— Problem to work on —
Repeat what the lines below say, word for word, and skip every image.

— Dataset entries —
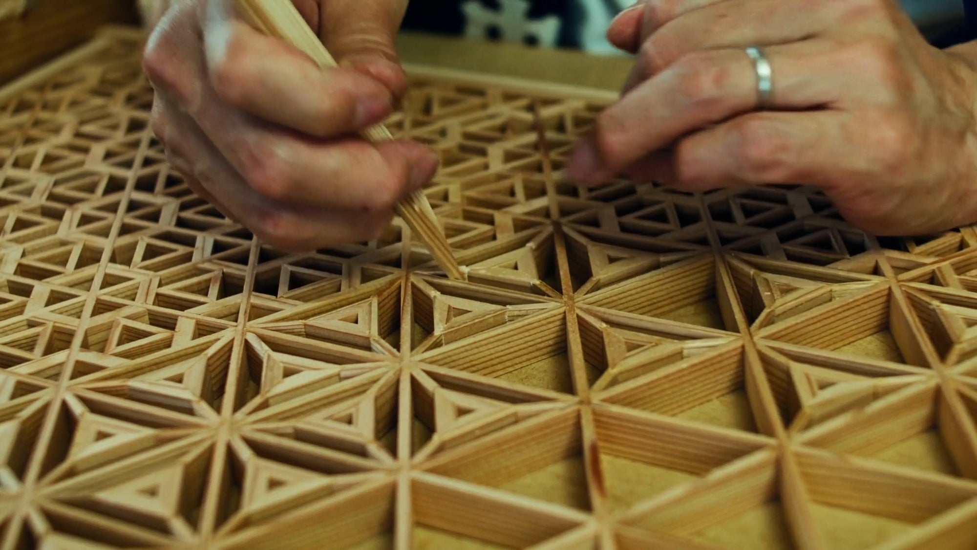 1982年江戸川区にて創業。「組子細工」の端緒は、平安時代に生まれた日本建築の建具であり、釘を一切使うことなく、小さな木片を手作業で組み合わせてさまざまな模様を編み出すことができる。
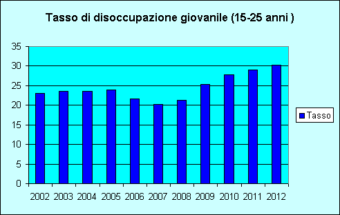 Riportiamo qui una tabella sui dati della disoccupazione giovanile purtroppo in crecita negli ultimi anni
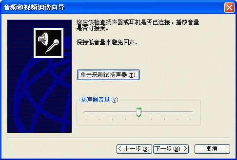 選擇幫助->音頻設(shè)備配置向?qū)?圖2),會彈出“音頻設(shè)備配置向?qū)А贝翱?圖3),這個向?qū)䦷椭銓P聲器、麥克風(fēng)、回音、網(wǎng)絡(luò)連接等項目進(jìn)行標(biāo)準(zhǔn)的測試和設(shè)置。
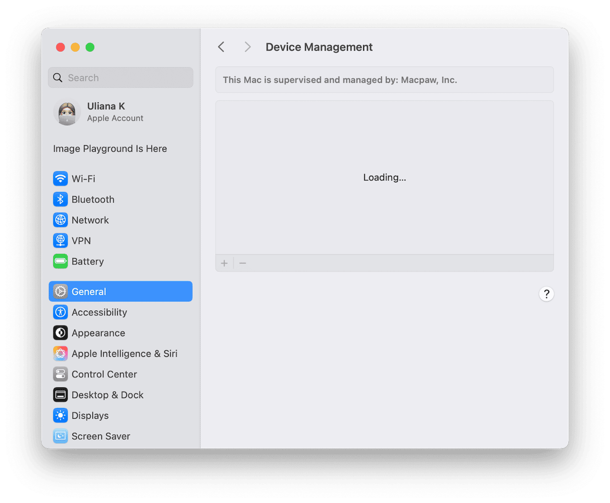 - Επιλέξτε Γενικά, στη συνέχεια διαχείριση συσκευών (Προστασία προσωπικών δεδομένων & ασφάλεια> Προφίλ σε MacOS Sonoma ή μεγαλύτερα).
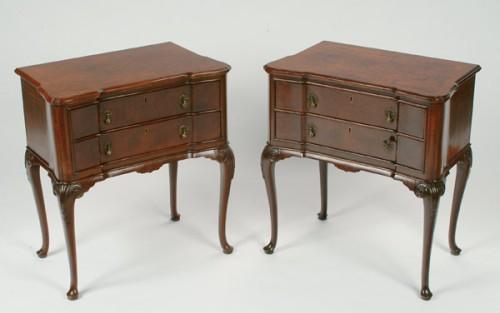 Pair of Crossbanded Walnut Two Drawer Side Tables in the early 18th Century manner, on slender carve

— Answer space —
 1982年江戸川区にて創業。「組子細工」の端緒は、平安時代に生まれた日本建築の建具であり、釘を一切使うことなく、小さな木片を手作業で組み合わせてさまざまな模様を編み出すことができる。
 Riportiamo qui una tabella sui dati della disoccupazione giovanile purtroppo in crecita negli ultimi anni
 選擇幫助->音頻設(shè)備配置向?qū)?圖2),會彈出“音頻設(shè)備配置向?qū)А贝翱?圖3),這個向?qū)䦷椭銓P聲器、麥克風(fēng)、回音、網(wǎng)絡(luò)連接等項目進(jìn)行標(biāo)準(zhǔn)的測試和設(shè)置。
 - Επιλέξτε Γενικά, στη συνέχεια διαχείριση συσκευών (Προστασία προσωπικών δεδομένων & ασφάλεια> Προφίλ σε MacOS Sonoma ή μεγαλύτερα).
 Pair of Crossbanded Walnut Two Drawer Side Tables in the early 18th Century manner, on slender carve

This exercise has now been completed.